The Community Food Projects Competitive Grant Program (CFPCGP) has since 1996 promoted self-sufficiency and food security in low-income communities through community food projects (CFP), Planning Projects and Training and Capacity Building projects (TCB).

CFPs unite the entire food system, assessing strengths, establishing linkages, and creating systems that improve self-reliance over food needs. TCB helps successful applicants carry out and evaluate their projects.

The CFPCGP is designed to:

  • meet the needs of low-income people by increasing access to fresher, more nutritious food supplies;
  • increase the self-reliance of communities in providing for their own food needs;
  • promote comprehensive responses to local food, farm, and nutrition issues;
  • meets specific state, local, or neighborhood food and agricultural needs for infrastructure improvement and development;
  • plans for long-term solutions; and
  • create innovative marketing activities that benefit both agricultural producers and low-income consumers.

Grants are intended to help eligible private nonprofit entities in need of a one-time infusion of federal assistance to establish and carryout multipurpose community food projects.
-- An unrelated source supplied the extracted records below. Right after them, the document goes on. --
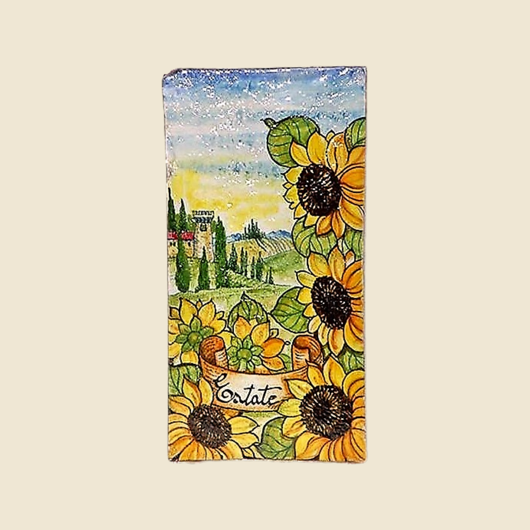 Rectangular tile, commonly called pianella - the brick usually used to pave rural structures typical of the Tuscan countryside. Tuscan terracotta, especially from the Impruneta area, is highly appreciated and known for its waterproof characteristics and resistance to low temperatures, as well as its beautiful terracotta shades; makes it unique, recognizable and highly sought after. We use this suffix, with its irregularities, veins, at first glance imperfections of handmade terracotta; to create artefacts with classic decorations, which come from distant times and places; but it is precisely thanks to these irregularities that our products take on a worn, lived-in appearance that smells of antiquity; these imperfections are like scars that make every single product unique and unrepeatable. The decoration of the landscape in the 4 seasons was created using the colors of the countryside that change according to the seasons and we also combined a subject that represented that period of time. So, for spring we chose "il iris", an iris that grows spontaneously in the Florentine countryside during spring. For the summer we thought that the sunflower could be the most representative, sunniest and brightest subject. For autumn, thanks also to our proximity to the Chianti area, where most of the hills are cultivated with vineyards, we could only choose grapes as the subject. While for the winter we chose olives, we find it to be a very decorative subject that fully represents the Tuscan countryside.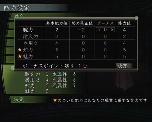 | 能力値 | :10ポイント割り振る。※初期ステータス重要 |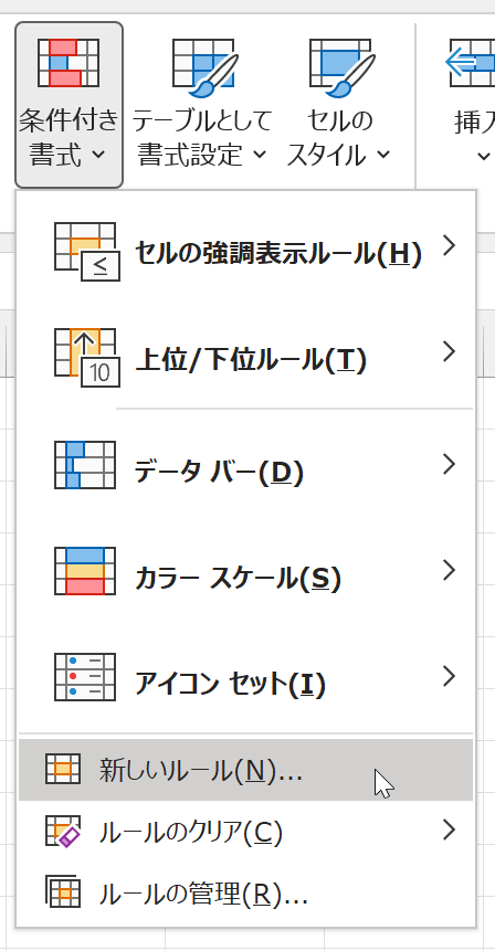 この状態で、[ホーム]タブ[スタイル]グループの[条件付き書式]ボタンをクリックしてください。続いて、表示されるメニューの[新しいルール]をクリックします。

Projects are funded from $10,000 to $300,000 and from 1 to 3 years. These one-time grants require a dollar-for-dollar match in resources. Approximately 18 percent of proposals have received awards during the program’s history. About $5 million per year have been authorized through 2012.

The CFPCGP legislative authority is located in Section 25 of the Food Stamp Act of 1977 (7 U.S.C. 2034). The 1996 Federal Agriculture Improvement and Reform Act (FAIR) established new authority for federal grants to support the development of CFPs, and the Farm Security and Rural Investment Act of 2002 re-authorized the program and  the authority was  amended by the Food and Nutrition Act of 2008 and Section 4402 of the Food, Conservation, and Energy Act (FCEA) of 2008 (Pub. L. 110-246).